REF students create “Romanes” language learning app

REF is proud to showcase the work of Law and Humanities Scholarship Program (LHP) beneficiaries: Artur Ivanenko, Natalia Tomenko, and Suizana Ivanenko, who received a small-scale REF grant to create a smartphone application that teaches the Romanes language.

According to project leader, Artur Ivanenko, the idea of designing an online application for teaching the Romani language came to his mind when he experienced among Roma youth and activist that only a small percentage can speak the Romanes language: “We started to discuss the issue as a destructive factor in the preservation of culture and its transmission to subsequent generations”. He continues, “during research, we found that the issue started to appear due to the fact that the Romani language is not a priority for study among the Roma of the 21st century. Thus, Roma youth do not have the opportunity to communicate among their peers with use of native language, and do not have additional skills to communicate with Roma representatives at international events. That is why we established an idea to create one interactive educational product that will teach or increase the level of knowledge of the Romani language among young people”.

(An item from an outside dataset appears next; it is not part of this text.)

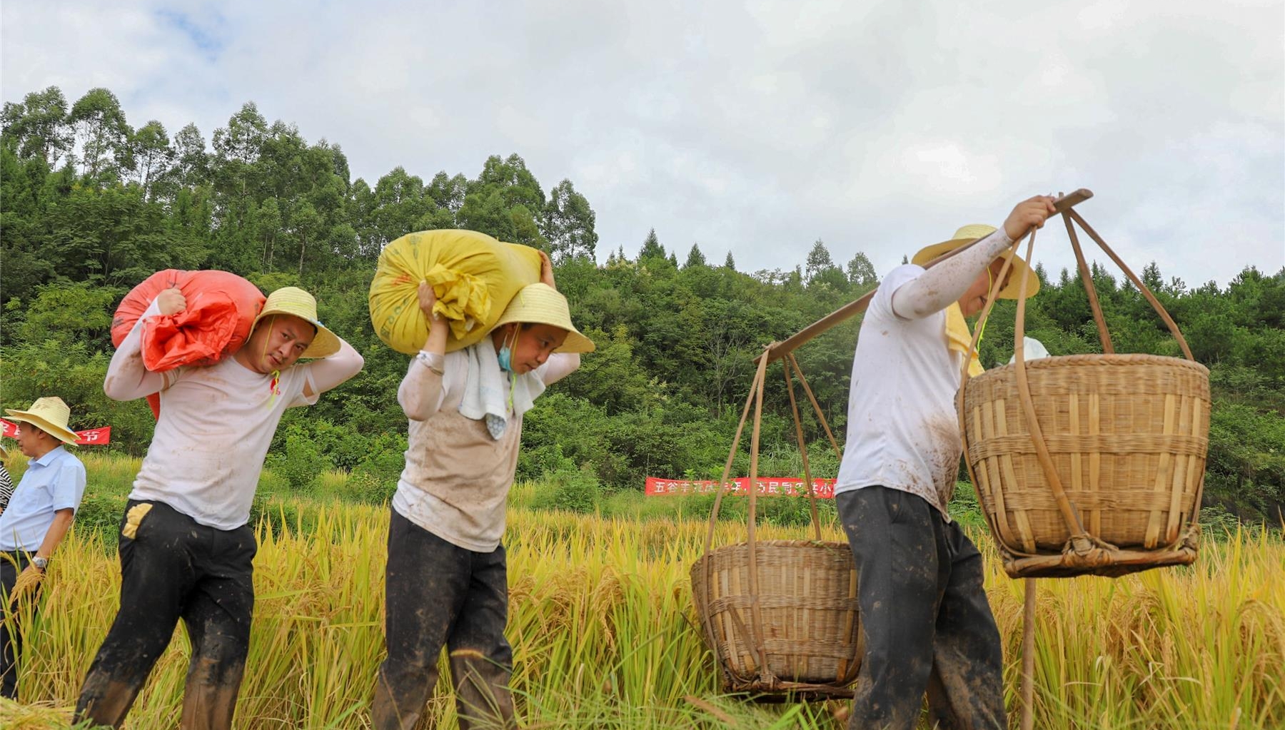 “金秋满谷仓,丰收遍地香。”渠马镇万余亩水稻迎来了收获季。近日,渠马镇惠龙村举办割稻比赛庆祝丰收。

REF’s LHP scholarship is co-financed by the Foundation Remembrance,  Responsibility and Future (EVZ) and has been operating since 2007 in Russia, Ukraine and Moldova. The LHP scholarship includes a small-scale community project grant component. The grant is meant to promote and strengthen the philosophy of community participation among LHP current beneficiaries and alumni by helping them design and implement a community project. The project must help Roma communities develop a set of skills that will contribute to their further personal and professional development.

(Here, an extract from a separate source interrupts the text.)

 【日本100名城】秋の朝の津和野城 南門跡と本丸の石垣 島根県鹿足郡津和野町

To create the app, the students teamed up with a linguist and a programmer to research and design the application. Over months of meetups in Kyiv, and rounds of testing, the app slowly came to life. Currently the app, Romanes is available to download on Android ios and the App Store in Ukraine, Moldova, and Russia. On the day of release the team recorded 100 downloads, currently the app has been downloaded by 500 people. The team plans to expand the app into more regions and languages, as currently the app teaches Russian to Romanes and vice versa.

“I am proud to say that there was no app for studying the Romani language in Ukraine and our first step is a fundamental and responsible one” says Natalia Tomenko, who oversaw the graphic design of the project. She continues, “Being a member of the Roma community for me means to preserve traditions, customs and native language. In my family circle we do not use Romani as the main language and makes me feel uncomfortable in situations when people speak just Romani. It is my biggest dream one day start to speak fluently in Romani and enjoy the process. The creation of the app first of all will help me, my closest people and friends to study the language. I already started to get feedback from my parents and cousins with suggestions and offers what they would like to see in updates. Our team considered all of them and implemented them in the update which will be published soon in the app Romanes.”

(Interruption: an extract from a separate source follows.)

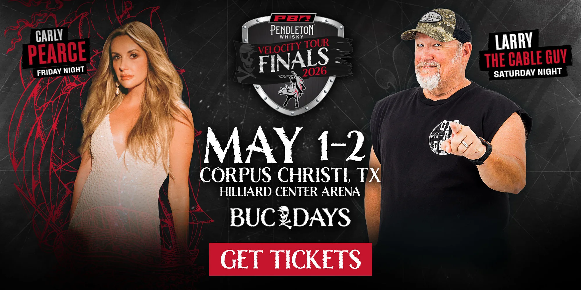 The PBR Pendleton Whisky Velocity Tour Finals return to Corpus Christi during Buc Days, taking over the Hilliard Center on May 1–2, 2026. Fans can experience two action-packed nights of elite bull riding as top PBR athletes compete for the Velocity Tour Championship and coveted spots in the PBR World Finals. The excitement continues beyond the arena with a live concert series featuring Grammy-winning country artist Carly Pearce on Friday, May 1, followed by a night of laughs with Larry the Cable Guy on Saturday, May 2. This high-energy event delivers a full Western sports and entertainment experience as part of the annual Buc Days celebration. Tickets are available now through Ticketmaster, BucDays.com, and PBR.com

“REF helped me learn to be a dentist and now I have the opportunity to help Roma in my city in this direction” says Artur. With the creation of the app, the team had three goals: “The first is to raise awareness of the Romani language. Even now, we have examples when a Roma girl from seventh grade who does not know the Romani language, began to learn it through the Romanes app.  She wrote to us through social media and thanked us. She said that almost all of her classmates downloaded the app and began to learn the Romani language with. The second example is that recently our initiative group had the opportunity to communicate with a Roma activist who works on television, he also told a very interesting story, how non-Roma from his place of work were interested in the app and have already downloaded and started learning the language. Thanks to these examples, we see that the second goal – the destruction of stereotypes, according to the Roma culture, the popularization of the Roma language and identity, reach its goal. After all, the Roma and the non-Roma population/ teenagers also started to be interested in the app. The third goal of our team was to promote a new form of language learning for Ukrainian society”.